Marine cited a 1973 memo from the makers of the Kool and Lucky Strike brands that said Brown & Williamson's growth would come from smokers ages 16-25, and a 1978 memo from the makers of Newport, Lorillard, that said, "The base of our business is the high school student."
He rejected the industry contention that it does not want children to smoke and that the $11.2 billion it spent last year on marketing was intended solely to try to persuade adult smokers to switch brands.
Marine said the award sought by the government represented ill-gotten gains -- the money that the industry made from smokers who picked up the habit as children from 1971 -- when the Racketeer Influenced and Corrupt Organizations Act was passed -- until 2000.
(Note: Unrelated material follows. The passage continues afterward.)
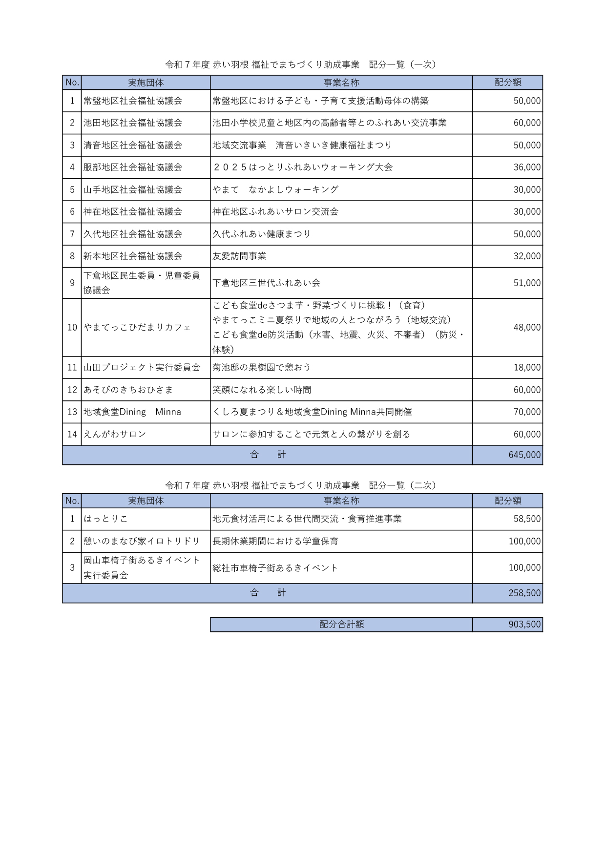 令和7年度 赤い羽根福祉でまちづくり助成事業 配分決定について

The government also wants the industry to fund youth antismoking campaigns and quit-smoking programs, he said.
The industry makes its opening statement Wednesday. The trial is expected to last six months.
The defendants include Altria Group Inc.; Philip Morris USA Inc.; R.J. Reynolds Tobacco Co.; Brown & Williamson Tobacco Corp. (which has merged with R.J. Reynolds); British American Tobacco (Investments) Ltd. (as the former parent company of Brown & Williamson); Lorillard Tobacco Co.; the Liggett Group Inc.; the Council for Tobacco Research-U.S.A. Inc.; and the Tobacco Institute.